Oh no, I thought. I hope this doesn’t turn into another 1968.
It wasn’t another 1968, but not for the reason you might think. In 1968 most news programs reported news wherever they found it. By 1984 the news media had become more savvy about selecting what they would and would not report. Editors and producers had learned that showing demonstrations, especially those involving violence, had the potential to encourage others to demonstrate and possibly, God forbid, start a movement. To my knowledge, not one subsequent news program on that or any other station reported the Moscone Center story or showed that clip again. It was as if the demonstration and the beatings had never happened.
A little after noon I was being interviewed about my support for Senator Hart by an anchor at the station on which I’d seen the clip. I said as much about my candidate as I could squeeze into the short time allotted between commercials, then, during a break, I asked the anchor why her station had suppressed the news of the beating of demonstrators by the police. She was obviously aware of it, because she looked extremely uncomfortable. Finally she said, “The producers believe they’re being more responsible by not showing it.”
I said, “It’s news. You need to show it.” She disagreed.
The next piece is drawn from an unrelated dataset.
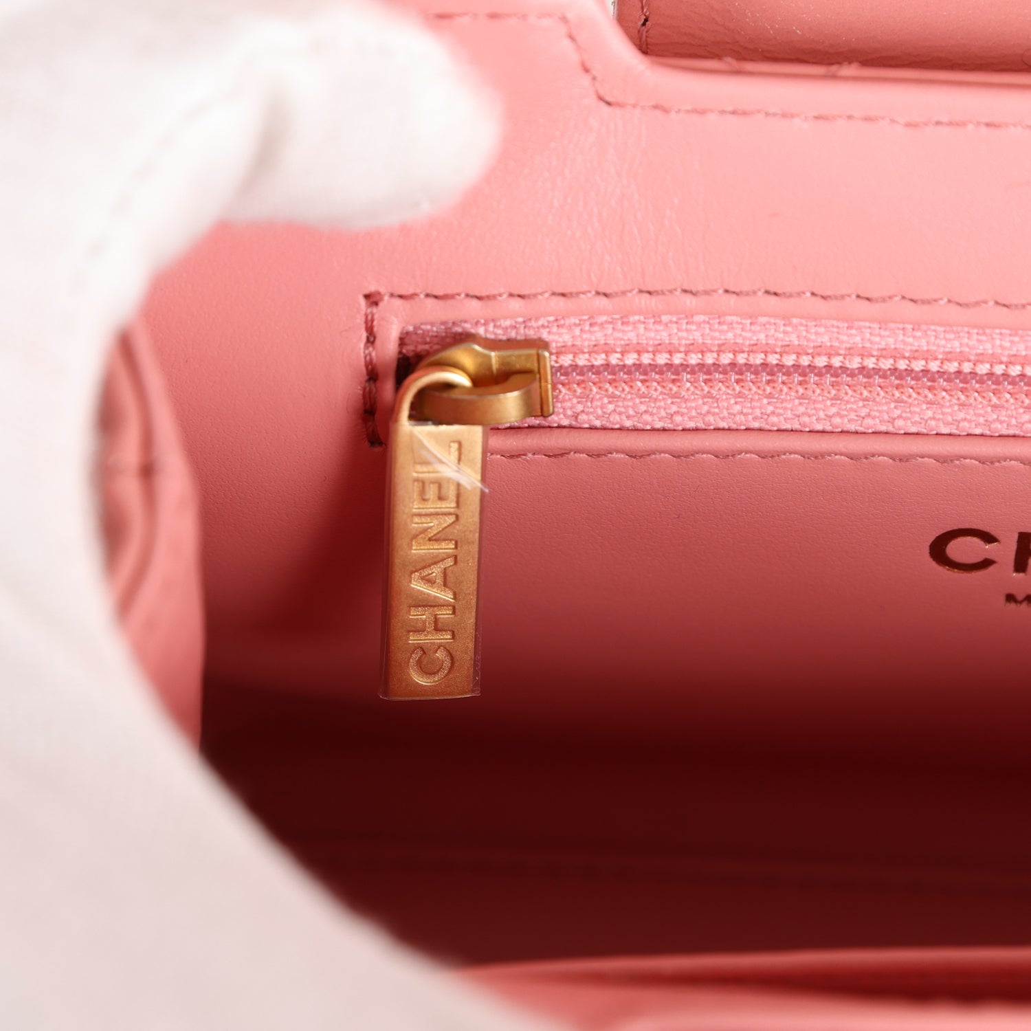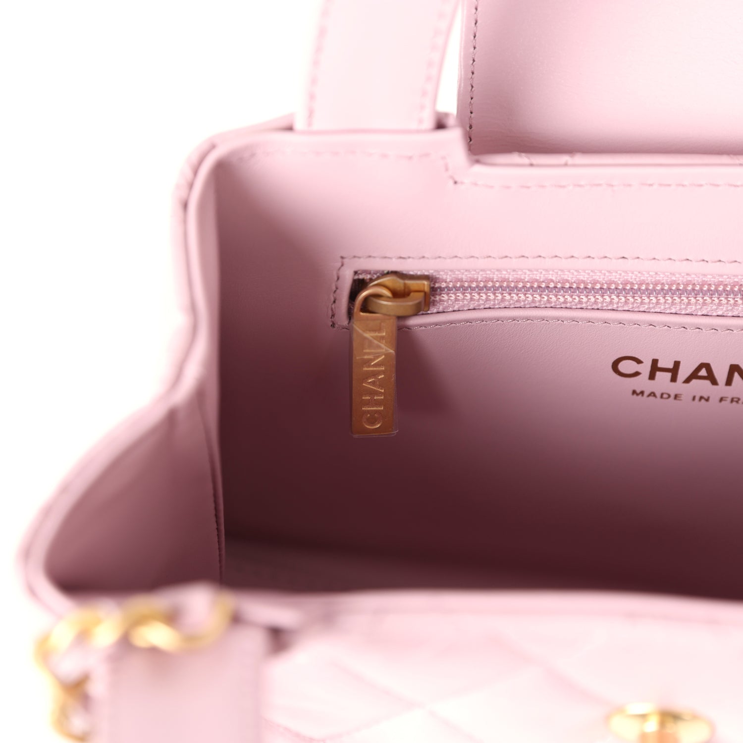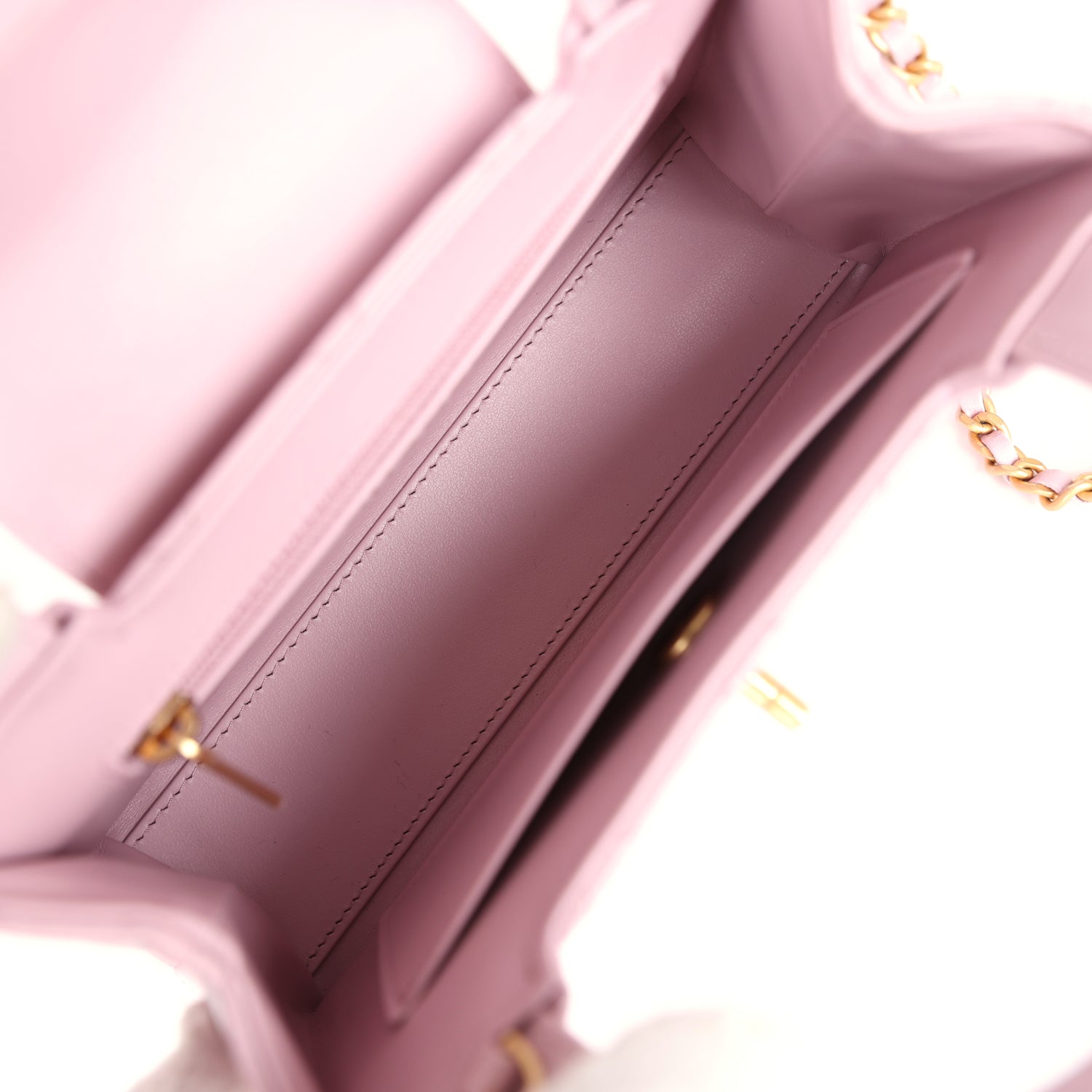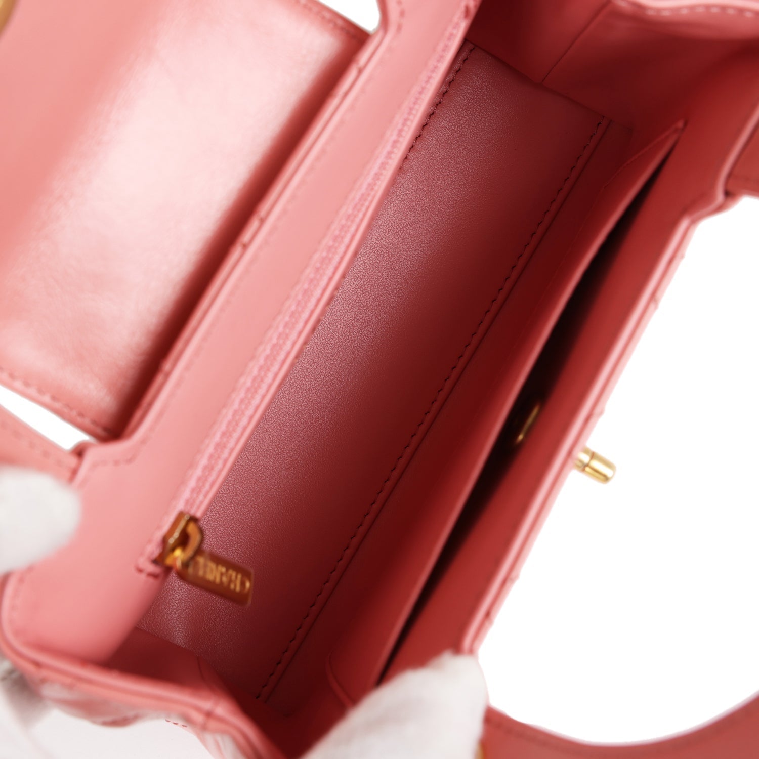 The interior is lined with light pink leather and has one zipper and one slip pocket.

When we came back from the commercial, she marshaled all her skills as an interviewer to make sure that she retained control of the conversation until my segment was over. But her vigilance was unnecessary. I wasn’t there to embarrass the news media. I was there to tell people why I thought Senator Hart would be a great president. I had felt compelled to mention the news suppression off air only because I was hoping to appeal to her conscience and possibly get her to air the clip. Ha! Color me naïve.
Senator Hart lost his bid for the 1984 Democratic nomination to Walter Mondale. The former vice president had had years to solidify his intraparty following, which, along with his “Where’s the beef?” commercial, made Mondale’s nomination inevitable. In hindsight, I doubt that it would have mattered who won the Democratic nomination in 1984. Saint Peter probably couldn’t have defeated the popular Republican incumbent, President Ronald Reagan.
Of course I had known there was a chance Hart might not win, but I had never allowed myself to think about that as a possibility. Gary Hart was going to be inaugurated in 1985. Period. When that hope vanished, I went back to Idaho and vowed to stay out of politics—a vow I didn’t keep. I would be drawn into politics again and again by my joy in finding common purpose with other Americans who loved their country as much as I did, who had come to politics not out of fear, hatred, or greed but because they wanted to make the world better. I did take one thing away from the Hart campaign that no defeat will ever diminish: the friendship of more than a few exceptional people. The time I spent on the campaign trail in 1984 had made me stronger for the battles that lay ahead in Idaho.